Neredeyse bardaki herkes nezaretteydi. Her bir dakika gürültüyle geçmiş, bir saatin sonunda kavgaları anca ayırabilmişlerdi. Herkese tek tek göz gezdirirken canım sıkıldı. Şu anda nezarette olmak, bulunmam gereken son yerdi.

Herkesin birbirine nefret dolu bakışlar attığı saniyeler dakikalara dönerken kapıdan bir ses duyuldu. İçeriye giren polis yanyana duran iki parmaklığın kapısını açtı. Birisi benim içinde bulunduğum yerdi, diğeri Eksen'lerin. Hepimiz şaşkınca polise bakarken adam sert sesiyle konuştu. "Noris, Eksen Leza, Itır, Araf, Jennifer ve Kelebek. Serbestsiniz."

Bizim dışımızdaki diğerleri kızgınlıkla polise bakarken ilk tepki Eksen'den geldi. "Sebep?"

Polis gözlerini devirdi. "Sebebini çıkınca öğrenirsiniz."

"Peki ya Bora," dedi Itır telaşla. "O neden çıkmıyor, ona olacak?"

Adam gülümsedi. "Bence siz, geceyi nezarette geçirmediğinize şükredin." Eliyle çıkmamızı beklercesine işaret etti. "Hadi, hadi!"

Parmaklıkların ardından çıktığımızda Itır, başını karşısına çevirdi ve bir köşeye sinmiş Bora'ya baktı. Bora elleri başında yorgun şekilde ona bakarken, Itır'ın da gözleri doluydu. Itır'a destek verme amacıyla sırtına dokundum, kısa bir an ürperse de ters bir tepki vermedi ve ilerlemeye başladı.

Odadan çıktığımızda birbirimize bir şey deme fırsatı bulamadan karşımızda hiç beklemediğimiz bir ismi gördük.
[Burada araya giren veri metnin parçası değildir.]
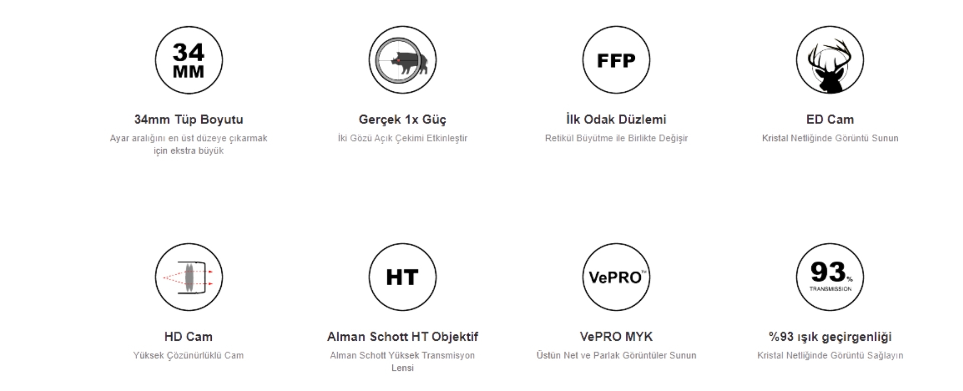 Optik tarafta üretici; Alman Schott HT, LaREE HD, VePRO FMC ve ED cam kombinasyonu ile %93 ışık geçirgenliği vurgusu yapar. Tamamen çok kaplamalı lens yapısı, yansımayı/parlamayı azaltıp daha net nişan ve daha yüksek kontrast hedefler.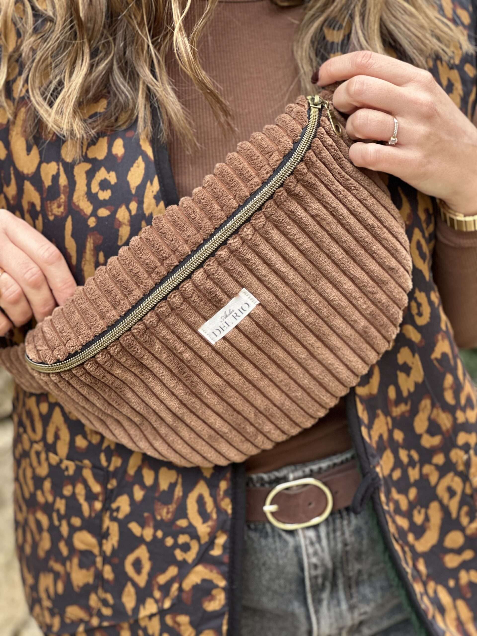 Sac banane uni – Velours côtelé marron (Côtes XL)

Kenan Aysar'ı.

Eksen hemen önümdeydi, elini refleksle benim önüme koyduğunu fark ettiğimde çenesi kasılmıştı. Araf en gerimizde durandı, en önde duran Kelebek'ti.
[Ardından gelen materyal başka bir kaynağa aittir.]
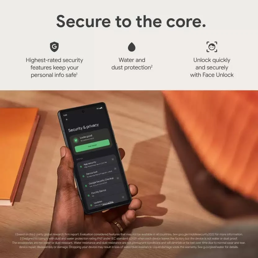 – **Water and Dust Resistance:** Rated IP67 for water and dust resistance, the Pixel 7A is designed to withstand the elements.

Kelebek gülümseyerek Kenan'a baktı. "Yoksa bizi sen mi kurtardın?"

Kenan gülümsedi. "Tabi ki, hiçbirinizin orada zaman geçirmesine gönlüm razı gel-"

Kenan'ın lafını kesen şey, Eksen'in hışımla öne atılıp Kenan'ı göğsünden itmesi oldu. "Taşşak mı geçiyorsun lan sen bizle?"
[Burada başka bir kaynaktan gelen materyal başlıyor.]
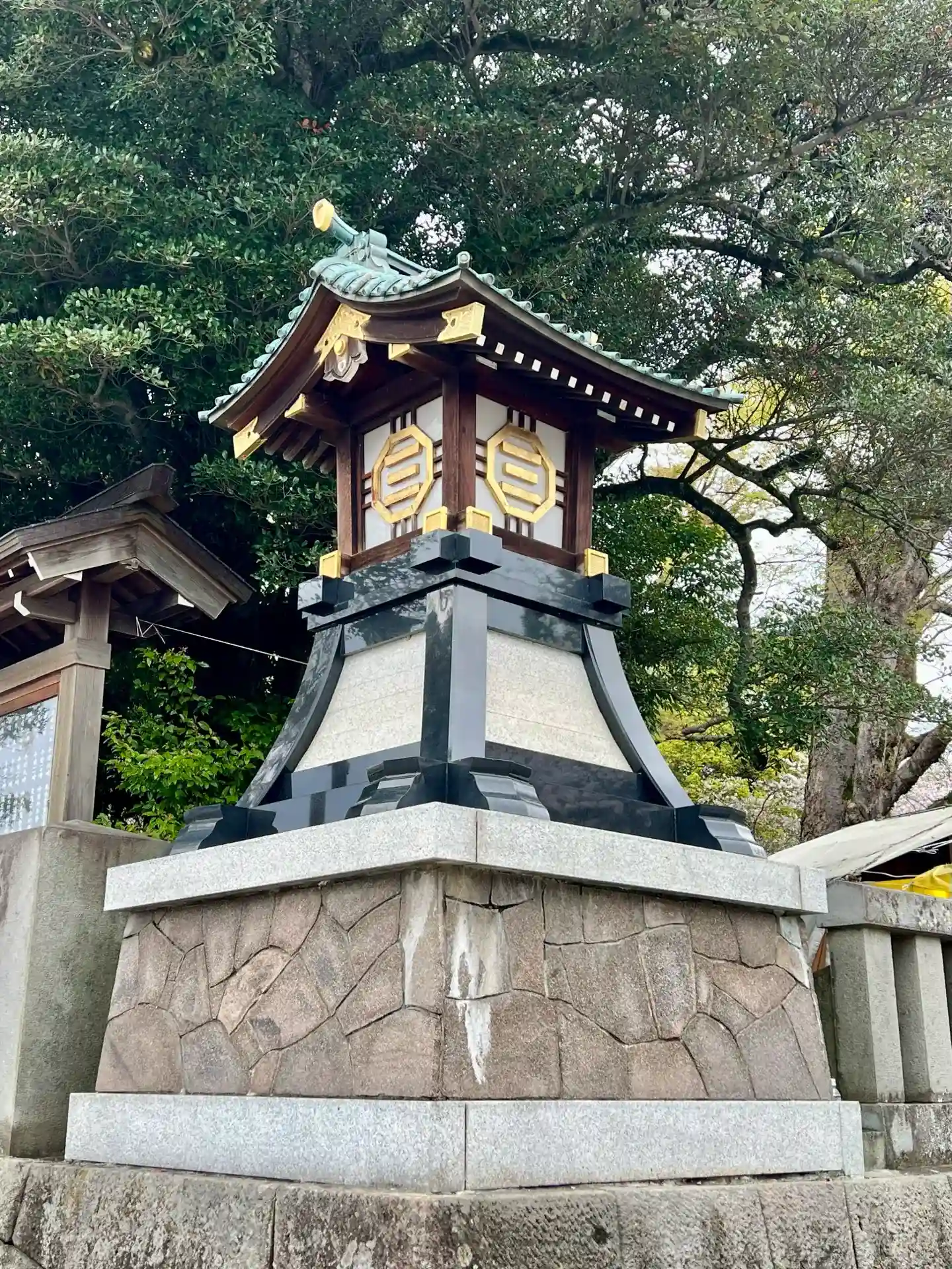 最近、ご神紋が気になるようになったのですが、三嶋大社の神紋は「折敷に三文字」で、お盆(折敷)の上に「三」の字を乗せたデザイン。この「三」は、祭神である大山祇命を祀る伊予の大山祇神社とも共通する、三嶋信仰を象徴する神紋とのこと。

Kenan'ın kaşları havalandı. "Neden öyle bir şey yapayım oğlum, düşmanınız mıyım ben sizin?" Bakışları hepimizde gezindi. Keskin gözleri bende durduğunda yutkundum, bakışlarını Eksen'e çevirdiğinde duruşu dikleşti. "Ne var sanki, oğlumumu mu öldürdünüz?"

Eksen'in çatık kaşları beklemediği tepki üzerine düz bir ifadeye bürünürken suçlu hissettim. Kenan; o gün orada Araf, Eksen ve benim olduğumuzu adamlarından muhakkak öğrenmiş olmalıydı. Ama Eymen ölürken odada yalnızca dört kişiydik. Dolayısıyla onu esas öldüren kişiyi bilmiyor olmalıydı.